- What to produce -
Your response should consist of the entire listing, transcribed exactly, with every image left out.

- Data -
============

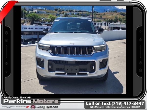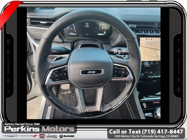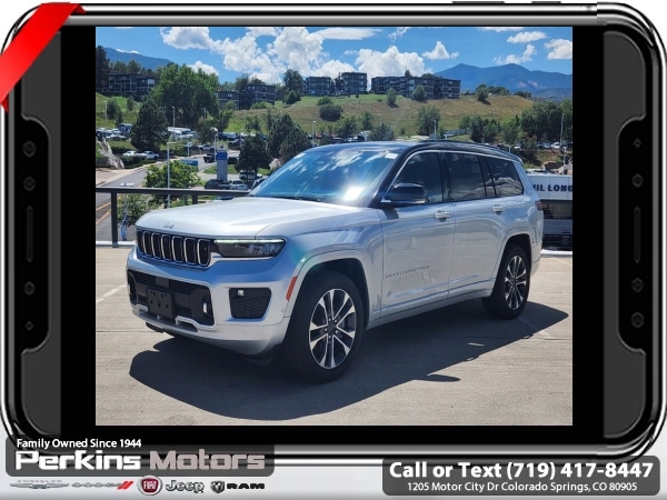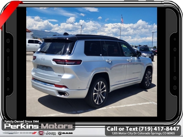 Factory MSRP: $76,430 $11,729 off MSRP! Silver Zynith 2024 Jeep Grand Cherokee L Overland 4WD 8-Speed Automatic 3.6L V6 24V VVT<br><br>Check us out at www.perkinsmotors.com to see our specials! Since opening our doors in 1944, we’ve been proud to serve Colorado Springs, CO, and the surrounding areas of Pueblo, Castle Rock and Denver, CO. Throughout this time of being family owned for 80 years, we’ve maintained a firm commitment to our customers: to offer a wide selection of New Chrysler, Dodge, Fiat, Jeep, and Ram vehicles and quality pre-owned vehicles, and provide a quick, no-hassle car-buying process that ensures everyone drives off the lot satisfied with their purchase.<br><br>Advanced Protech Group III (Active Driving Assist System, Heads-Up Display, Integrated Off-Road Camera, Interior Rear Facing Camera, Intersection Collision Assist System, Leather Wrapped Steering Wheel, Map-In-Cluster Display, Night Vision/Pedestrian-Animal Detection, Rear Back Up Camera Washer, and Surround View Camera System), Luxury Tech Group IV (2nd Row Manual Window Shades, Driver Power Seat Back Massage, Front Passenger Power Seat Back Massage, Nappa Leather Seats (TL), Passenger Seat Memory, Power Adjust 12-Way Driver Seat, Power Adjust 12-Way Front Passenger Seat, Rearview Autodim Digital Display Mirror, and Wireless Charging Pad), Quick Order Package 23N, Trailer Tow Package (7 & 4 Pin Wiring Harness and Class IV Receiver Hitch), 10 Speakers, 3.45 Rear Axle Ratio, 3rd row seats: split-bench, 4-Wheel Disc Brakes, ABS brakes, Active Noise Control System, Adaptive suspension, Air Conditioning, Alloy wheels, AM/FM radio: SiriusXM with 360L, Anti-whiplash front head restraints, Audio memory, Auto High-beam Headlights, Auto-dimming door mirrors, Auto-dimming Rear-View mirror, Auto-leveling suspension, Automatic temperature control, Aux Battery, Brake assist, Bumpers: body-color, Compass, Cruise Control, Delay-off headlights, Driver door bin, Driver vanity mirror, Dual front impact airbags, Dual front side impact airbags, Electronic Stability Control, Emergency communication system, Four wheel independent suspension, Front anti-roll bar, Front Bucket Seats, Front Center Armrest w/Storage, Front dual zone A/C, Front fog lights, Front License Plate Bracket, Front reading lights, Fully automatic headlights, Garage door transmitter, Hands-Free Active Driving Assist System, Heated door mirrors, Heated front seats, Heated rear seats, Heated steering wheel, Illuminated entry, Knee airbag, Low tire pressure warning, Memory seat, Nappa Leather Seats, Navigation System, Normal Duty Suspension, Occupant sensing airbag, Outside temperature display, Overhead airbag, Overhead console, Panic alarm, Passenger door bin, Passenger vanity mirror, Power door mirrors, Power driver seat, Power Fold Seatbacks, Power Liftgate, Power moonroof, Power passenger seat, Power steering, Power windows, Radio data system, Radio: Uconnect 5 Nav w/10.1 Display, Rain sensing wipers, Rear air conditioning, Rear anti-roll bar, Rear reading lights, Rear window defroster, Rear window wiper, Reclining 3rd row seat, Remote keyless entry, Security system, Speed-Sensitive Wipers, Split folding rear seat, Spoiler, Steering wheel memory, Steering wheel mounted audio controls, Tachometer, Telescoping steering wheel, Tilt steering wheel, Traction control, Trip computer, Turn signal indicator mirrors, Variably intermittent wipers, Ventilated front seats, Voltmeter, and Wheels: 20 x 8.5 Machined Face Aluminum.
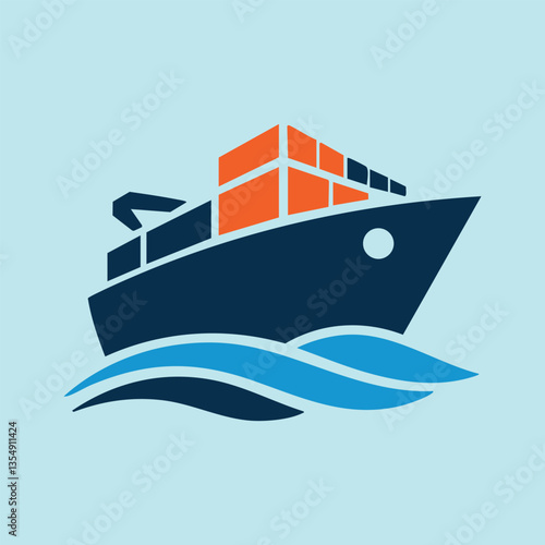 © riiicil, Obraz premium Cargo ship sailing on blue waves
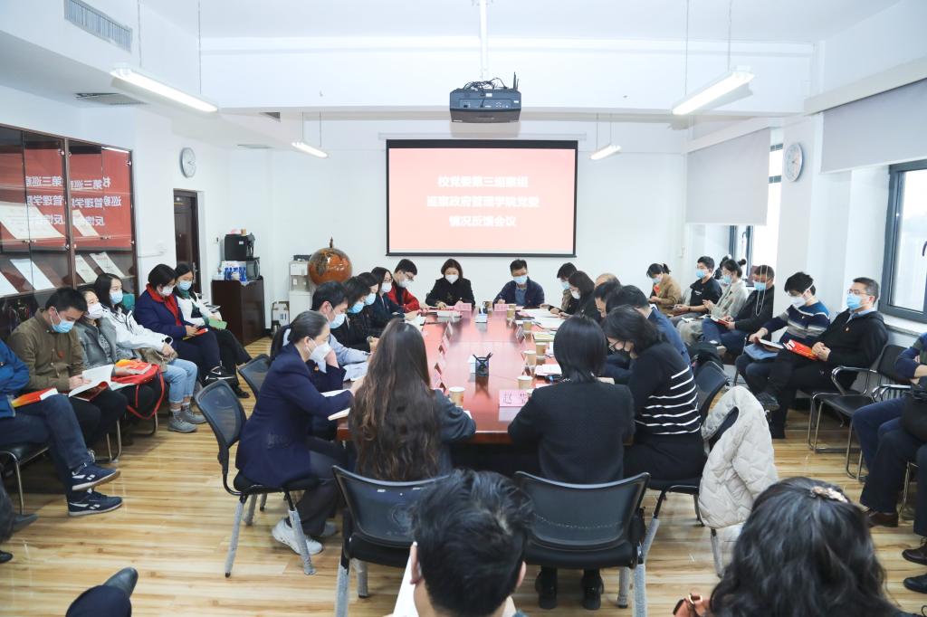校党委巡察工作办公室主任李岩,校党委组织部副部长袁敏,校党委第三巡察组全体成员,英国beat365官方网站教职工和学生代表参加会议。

============

- Expected output -
 Factory MSRP: $76,430 $11,729 off MSRP! Silver Zynith 2024 Jeep Grand Cherokee L Overland 4WD 8-Speed Automatic 3.6L V6 24V VVT<br><br>Check us out at www.perkinsmotors.com to see our specials! Since opening our doors in 1944, we’ve been proud to serve Colorado Springs, CO, and the surrounding areas of Pueblo, Castle Rock and Denver, CO. Throughout this time of being family owned for 80 years, we’ve maintained a firm commitment to our customers: to offer a wide selection of New Chrysler, Dodge, Fiat, Jeep, and Ram vehicles and quality pre-owned vehicles, and provide a quick, no-hassle car-buying process that ensures everyone drives off the lot satisfied with their purchase.<br><br>Advanced Protech Group III (Active Driving Assist System, Heads-Up Display, Integrated Off-Road Camera, Interior Rear Facing Camera, Intersection Collision Assist System, Leather Wrapped Steering Wheel, Map-In-Cluster Display, Night Vision/Pedestrian-Animal Detection, Rear Back Up Camera Washer, and Surround View Camera System), Luxury Tech Group IV (2nd Row Manual Window Shades, Driver Power Seat Back Massage, Front Passenger Power Seat Back Massage, Nappa Leather Seats (TL), Passenger Seat Memory, Power Adjust 12-Way Driver Seat, Power Adjust 12-Way Front Passenger Seat, Rearview Autodim Digital Display Mirror, and Wireless Charging Pad), Quick Order Package 23N, Trailer Tow Package (7 & 4 Pin Wiring Harness and Class IV Receiver Hitch), 10 Speakers, 3.45 Rear Axle Ratio, 3rd row seats: split-bench, 4-Wheel Disc Brakes, ABS brakes, Active Noise Control System, Adaptive suspension, Air Conditioning, Alloy wheels, AM/FM radio: SiriusXM with 360L, Anti-whiplash front head restraints, Audio memory, Auto High-beam Headlights, Auto-dimming door mirrors, Auto-dimming Rear-View mirror, Auto-leveling suspension, Automatic temperature control, Aux Battery, Brake assist, Bumpers: body-color, Compass, Cruise Control, Delay-off headlights, Driver door bin, Driver vanity mirror, Dual front impact airbags, Dual front side impact airbags, Electronic Stability Control, Emergency communication system, Four wheel independent suspension, Front anti-roll bar, Front Bucket Seats, Front Center Armrest w/Storage, Front dual zone A/C, Front fog lights, Front License Plate Bracket, Front reading lights, Fully automatic headlights, Garage door transmitter, Hands-Free Active Driving Assist System, Heated door mirrors, Heated front seats, Heated rear seats, Heated steering wheel, Illuminated entry, Knee airbag, Low tire pressure warning, Memory seat, Nappa Leather Seats, Navigation System, Normal Duty Suspension, Occupant sensing airbag, Outside temperature display, Overhead airbag, Overhead console, Panic alarm, Passenger door bin, Passenger vanity mirror, Power door mirrors, Power driver seat, Power Fold Seatbacks, Power Liftgate, Power moonroof, Power passenger seat, Power steering, Power windows, Radio data system, Radio: Uconnect 5 Nav w/10.1 Display, Rain sensing wipers, Rear air conditioning, Rear anti-roll bar, Rear reading lights, Rear window defroster, Rear window wiper, Reclining 3rd row seat, Remote keyless entry, Security system, Speed-Sensitive Wipers, Split folding rear seat, Spoiler, Steering wheel memory, Steering wheel mounted audio controls, Tachometer, Telescoping steering wheel, Tilt steering wheel, Traction control, Trip computer, Turn signal indicator mirrors, Variably intermittent wipers, Ventilated front seats, Voltmeter, and Wheels: 20 x 8.5 Machined Face Aluminum.
 © riiicil, Obraz premium Cargo ship sailing on blue waves
校党委巡察工作办公室主任李岩,校党委组织部副部长袁敏,校党委第三巡察组全体成员,英国beat365官方网站教职工和学生代表参加会议。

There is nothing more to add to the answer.